I have friends that ask how can you do it, especially with the ex-mil who I obviously have no need to entertain at all and my answer is simple I love my son & I value my relationship with him too highly. When he is grown he will never be able to say "you stopped me seeing my father/grandmother etc" I think if you start using children as weapons you store up a whole heap of problems for later life not only for them in a pyschological manner but also in terms of the relationship you will have as they grow in life.
 

Saluki

World class procrastinator
My wife has driven us to move house with her relentless spending and as my mother calls her "dippy" as she just does not have a clue when it comes to money .
Hopefully she has learnt her lesson at last , if it was not for the kids i would probably have thought about my marriage and she did come into my life when i was at a very low point so i think she deserves a second chance.

My ex-husband drove us to move house with his spending. Unlike you Cyberknight, I don't have kids so it was easy enough to walk away from. I actually believe that he has no conscience as he has done the same again to current wife. He sold my motorbike out from under me, one day while I was at work and stole my chequebook and his girlfriend forged my name. Not to mention the 3 loans he took out, in joint names with said gf, who looked similar to me (according to the bank). When I walked out, I was personally in debt to the tune of £34k.

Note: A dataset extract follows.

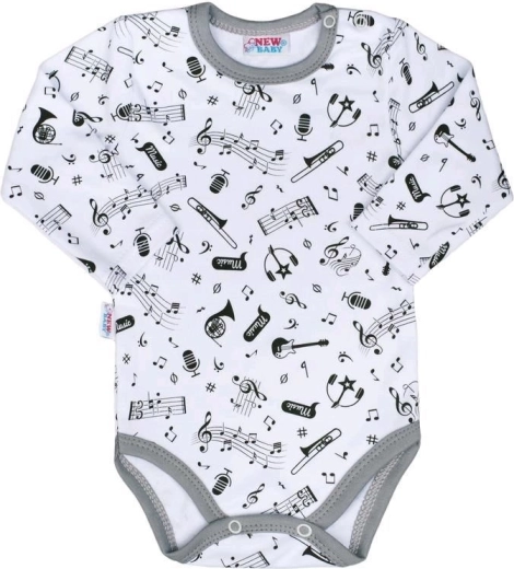 Der stylische Kinderbody NEW BABY Music überzeugt durch sein weiches Material und den verspielten Allover-Print. Dank hochwertiger Baumwolle ist er weich, atmungsaktiv und sanft zur empfindlichen Babyhaut. Praktische Druckknöpfe an der Schulter und im Schritt erleichtern An- und Ausziehen sowie das Wickeln.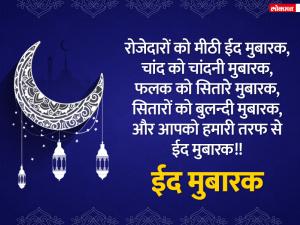 1 / 7रोजेदारों को मीठी ईद मुबारक, चांद को चांदनी मुबारक, फलक को सितारे मुबारक, सितारों को बुलन्दी मुबारक, और आपको हमारी तरफ से ईद मुबारक!!2 / 7दीपक में अगर नूर ना होता, तन्हा दिल यूं मजबूर ना होता, पास आकर गले न मिल पाएंगे, पर दूर से ही दिल तो मिलाएंगे। ईद मुबारक3 / 7रमजान में ना मिल सके; ईद में नज़रें ही मिला लूं; हाथ मिलाने से क्या होगा; सीधा गले से लगा लूं ईद मुबारक4 / 7कोई इतना चाहे हमें तो बताना, कोई तुम्हारी फिक्र करे तो बताना, ईद मुबारक तो हर कोई कह देगा, कोई हमारे अंदाज़ में कहे तो बताना5 / 7अल्लाह आपको ईद के मुक्कदस मौके पर तमाम, खुशियां अता फरमाएं और आपकी इबादत कुबूल करें!! ईद मुबारक!!6 / 7मुबारक नाम है तेरा, मुबारक ईद हो तुझको, जिसे तू देखना चाहे, उसी की दीद हो तुझको सभी को ईद मुबारक7 / 7हवा की खुशबू मुबारक, फिज़ा को मौसम मुबारक, दिलों को प्यार मुबारक, आपको हमारी तरफ से ईद मुबारक

His ex was a doozy, who he had driven to drink. She used to ring and rant at all times of the day and night. Its easy to say to unplug the phone but my Father was very ill at the time - he's now deceased - so I needed to answer the phone in case I had to run my mother to the hospital.

My new husband (been together for 10 years, mates for decades) has never had a wife before so I count myself very lucky. He's on a steep learning curve though :laugh:
 
The woman I loved unconditionally for 25 years betrayed me and broke my heart. I don't take crap, she underestimated me and I divorced her, 10 years down the line she's reaped what she sowed. I couldn't be closer to my lads, both of whom are grown men and more like mates than children to me, she on the other hand is kept at arms length by men who treat her as nothing more than a notch on the bed post. I feel sorry for her but as they say, what goes round comes round.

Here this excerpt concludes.